One woman said that she needed to tell her children (who were aged 12, 18 and 20), particularly because she was going to lose her hair while having chemotherapy. She said that she had found a brilliant book at the hospital called ‘How to tell the children’.
People were adamant that older children should be told the truth, even though this was not always easy. One woman was a bit reluctant to tell her grown-up children at first but concluded that she had to tell them because they were well educated and would associate chemotherapy with cancer anyway. A mother of a 12-year-old child said that if you try to hide the facts you will ‘slip up’ and the children will ‘catch you out’.

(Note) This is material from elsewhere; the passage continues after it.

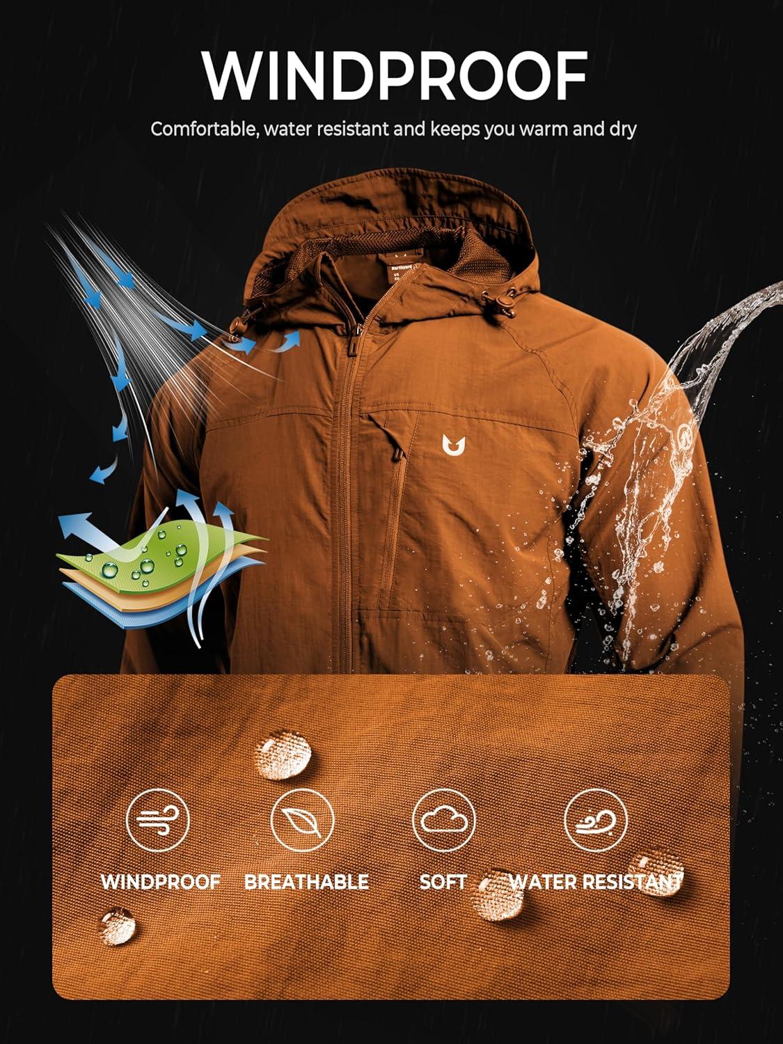 Don’t wait, get up to 50% off on NORTHYARD Men’s Windbreaker Jacket Lightweight Hooded Windproof Jackets with Zipper Pockets Hiking Outdoor Water Resistant(Brown) during our end-of-season sale event.

Children react in different ways when they receive news that a parent has cancer. They may be desperately upset at first, and some may find it hard to talk about the situation. However, many people said that their children had been supportive, (see ‘Feelings of stigma, shame and guilt about having lung cancer’ and ‘How it affects family and friends’).
Young children are most concerned with immediate events and may need only simple explanations. Some people talked about their conversations with their grandchildren and the way in which they and their children had explained the situation. Two recalled discussions they had with grandchildren who were aged eight and nine.
One man pointed out that all children are different and that when deciding what to say you have ‘got to pick your child’. He recalled the conversation he had had with his nine-year-old grandchild about death.
One woman who was concerned about the stigma associated with cancer, decided not to ‘burden’ her young grandchildren with news of her disease. Her daughter spoke to the children’s teachers about the situation in case the grandchildren ‘inadvertently’ became aware of the situation.
People diagnosed with any cancer want some information about their condition and what is going to happen. Information requirements fluctuate during the course of patients'...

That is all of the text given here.